Oh, we have a problem. The table is ignored. From an object-oriented perspective, this is what we should expect. A list of paragraphs cannot suddenly hold a table, that would be illogical because that is an object of another class.
So what should we do? Now equipped with newly gained knowledge about how Python-Docx is built on top of XML. We need to go back and refactor the loopings over the paragraphs, then we will be fine. But how?
I will need to loop over the children of the body element of the document and then for each child I will need to find out if it is a paragraph then handle it like that, and when it is a table, then I need to handle that.

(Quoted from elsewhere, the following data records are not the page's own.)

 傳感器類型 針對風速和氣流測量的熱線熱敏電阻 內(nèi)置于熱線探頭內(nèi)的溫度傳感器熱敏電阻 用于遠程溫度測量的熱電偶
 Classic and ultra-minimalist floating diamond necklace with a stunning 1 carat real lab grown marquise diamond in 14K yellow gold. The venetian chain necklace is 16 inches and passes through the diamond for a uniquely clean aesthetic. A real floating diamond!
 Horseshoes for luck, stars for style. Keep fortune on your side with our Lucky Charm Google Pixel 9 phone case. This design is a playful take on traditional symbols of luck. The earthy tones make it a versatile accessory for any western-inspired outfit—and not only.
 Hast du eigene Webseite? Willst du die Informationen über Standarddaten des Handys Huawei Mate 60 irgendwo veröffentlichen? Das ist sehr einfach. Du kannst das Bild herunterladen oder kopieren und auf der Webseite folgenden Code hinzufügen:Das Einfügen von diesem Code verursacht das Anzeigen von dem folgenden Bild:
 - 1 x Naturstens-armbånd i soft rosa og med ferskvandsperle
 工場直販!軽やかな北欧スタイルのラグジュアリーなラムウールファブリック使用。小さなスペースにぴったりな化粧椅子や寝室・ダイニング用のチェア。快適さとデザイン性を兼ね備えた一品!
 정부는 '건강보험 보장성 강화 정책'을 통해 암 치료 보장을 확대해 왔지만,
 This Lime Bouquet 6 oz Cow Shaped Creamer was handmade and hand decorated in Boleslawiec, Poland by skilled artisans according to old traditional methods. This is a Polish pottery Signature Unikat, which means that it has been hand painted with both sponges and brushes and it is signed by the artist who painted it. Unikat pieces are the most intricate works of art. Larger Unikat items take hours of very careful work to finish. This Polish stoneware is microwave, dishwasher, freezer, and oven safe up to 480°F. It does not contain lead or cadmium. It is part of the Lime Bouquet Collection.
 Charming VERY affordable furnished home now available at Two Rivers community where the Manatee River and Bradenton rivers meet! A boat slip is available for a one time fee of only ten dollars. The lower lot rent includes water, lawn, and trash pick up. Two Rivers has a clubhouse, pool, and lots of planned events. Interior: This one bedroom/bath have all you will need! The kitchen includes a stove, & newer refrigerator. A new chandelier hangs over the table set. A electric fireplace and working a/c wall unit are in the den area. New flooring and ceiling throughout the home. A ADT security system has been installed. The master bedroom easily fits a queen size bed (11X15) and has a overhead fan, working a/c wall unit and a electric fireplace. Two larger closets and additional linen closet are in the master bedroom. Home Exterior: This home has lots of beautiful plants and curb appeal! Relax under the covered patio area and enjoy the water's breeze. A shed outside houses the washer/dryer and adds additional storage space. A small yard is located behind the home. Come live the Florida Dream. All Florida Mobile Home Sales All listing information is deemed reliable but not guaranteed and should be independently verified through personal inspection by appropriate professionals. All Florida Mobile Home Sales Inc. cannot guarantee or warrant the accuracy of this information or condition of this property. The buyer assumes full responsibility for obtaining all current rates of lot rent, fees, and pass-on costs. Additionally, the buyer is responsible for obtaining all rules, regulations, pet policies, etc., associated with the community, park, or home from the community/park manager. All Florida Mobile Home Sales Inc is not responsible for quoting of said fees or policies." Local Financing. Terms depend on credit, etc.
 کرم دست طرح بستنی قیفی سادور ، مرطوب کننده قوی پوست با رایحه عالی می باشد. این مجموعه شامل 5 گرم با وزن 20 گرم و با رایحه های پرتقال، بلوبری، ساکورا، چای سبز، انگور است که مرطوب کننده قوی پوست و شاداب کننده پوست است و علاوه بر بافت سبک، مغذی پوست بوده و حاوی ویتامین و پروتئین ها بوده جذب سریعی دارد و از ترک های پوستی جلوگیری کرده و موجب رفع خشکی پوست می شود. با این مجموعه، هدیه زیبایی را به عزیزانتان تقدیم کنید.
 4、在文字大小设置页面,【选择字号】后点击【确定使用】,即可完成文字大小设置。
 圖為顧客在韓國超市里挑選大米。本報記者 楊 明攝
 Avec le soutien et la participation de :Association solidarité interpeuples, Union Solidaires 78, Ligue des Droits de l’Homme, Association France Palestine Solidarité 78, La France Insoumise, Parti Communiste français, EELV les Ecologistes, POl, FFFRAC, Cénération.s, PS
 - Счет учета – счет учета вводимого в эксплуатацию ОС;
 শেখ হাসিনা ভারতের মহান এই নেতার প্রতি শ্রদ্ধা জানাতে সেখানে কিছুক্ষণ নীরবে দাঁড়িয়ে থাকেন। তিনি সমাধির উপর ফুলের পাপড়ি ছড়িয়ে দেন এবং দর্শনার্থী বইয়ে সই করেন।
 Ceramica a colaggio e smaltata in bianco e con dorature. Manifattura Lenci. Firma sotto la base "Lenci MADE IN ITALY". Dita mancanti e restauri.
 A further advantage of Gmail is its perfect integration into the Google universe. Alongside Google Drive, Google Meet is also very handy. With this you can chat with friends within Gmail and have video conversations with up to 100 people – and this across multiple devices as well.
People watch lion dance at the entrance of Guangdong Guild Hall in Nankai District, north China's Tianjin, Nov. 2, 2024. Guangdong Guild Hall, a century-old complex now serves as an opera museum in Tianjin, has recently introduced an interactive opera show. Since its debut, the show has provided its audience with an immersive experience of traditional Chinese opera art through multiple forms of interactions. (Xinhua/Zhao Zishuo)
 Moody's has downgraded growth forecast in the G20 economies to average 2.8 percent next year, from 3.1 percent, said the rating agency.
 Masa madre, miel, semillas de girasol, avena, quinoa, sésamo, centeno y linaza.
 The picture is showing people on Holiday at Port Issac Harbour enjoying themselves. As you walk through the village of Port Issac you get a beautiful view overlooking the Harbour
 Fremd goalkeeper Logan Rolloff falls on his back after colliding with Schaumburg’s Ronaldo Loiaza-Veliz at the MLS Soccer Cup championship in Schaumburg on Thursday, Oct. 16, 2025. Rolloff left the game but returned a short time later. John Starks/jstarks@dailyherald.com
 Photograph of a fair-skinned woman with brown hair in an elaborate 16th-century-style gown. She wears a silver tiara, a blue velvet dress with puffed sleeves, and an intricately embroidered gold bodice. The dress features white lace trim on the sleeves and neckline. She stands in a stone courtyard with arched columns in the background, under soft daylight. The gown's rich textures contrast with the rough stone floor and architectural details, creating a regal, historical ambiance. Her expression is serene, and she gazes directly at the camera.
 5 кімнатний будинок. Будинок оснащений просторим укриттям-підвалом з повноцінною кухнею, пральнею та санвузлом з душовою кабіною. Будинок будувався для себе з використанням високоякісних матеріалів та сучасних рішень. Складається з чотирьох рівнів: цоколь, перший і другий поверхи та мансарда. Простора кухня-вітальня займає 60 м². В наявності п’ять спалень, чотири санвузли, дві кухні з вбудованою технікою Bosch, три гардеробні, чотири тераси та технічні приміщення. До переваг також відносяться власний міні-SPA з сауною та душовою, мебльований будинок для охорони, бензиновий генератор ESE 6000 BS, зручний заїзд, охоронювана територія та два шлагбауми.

The solution was to walk over all children of the body element. If the child was found to be a paragraph, then I initialized an instance of paragraph class myself. It is the first time I did this. It worked very well. Then I left the rest of the handling of the paragraph as it was already created. I had to indent the entire if clause but other than that it worked as before.
The table?
This was uncharted territory for my part.
I could not initialize the table object the same way as the paragraph. Why is that?
There was no Table in the Docx class!
The documentation said there should be a Table class:
Look, it should work. No?
Perhaps it is not included by default?
Added the explicit import of the table.
And now?
It works! The child is a table, and we initialize the table object. Awesome, now parse this thing and produce the markup.
Ooh. In the cells, there are paragraphs. Would it not be nice to send these paragraphs to my “routine” for handling paragraphs. There is just one issue, I have the if-statement of handling a paragraph, but it is not a separate routine. Perhaps I need to make it into a function so that I can call it from the handling of a cell?
So with that, the table parsing is put on hold. Instead, I start refactoring my code. I need to move the handling of the paragraph into a separate function. Then I get this:
That is cool. I moved the code into a function, and now I get to play with the rules for local vs. global variables. All state variables will need to be declared global inside the function before I can use them.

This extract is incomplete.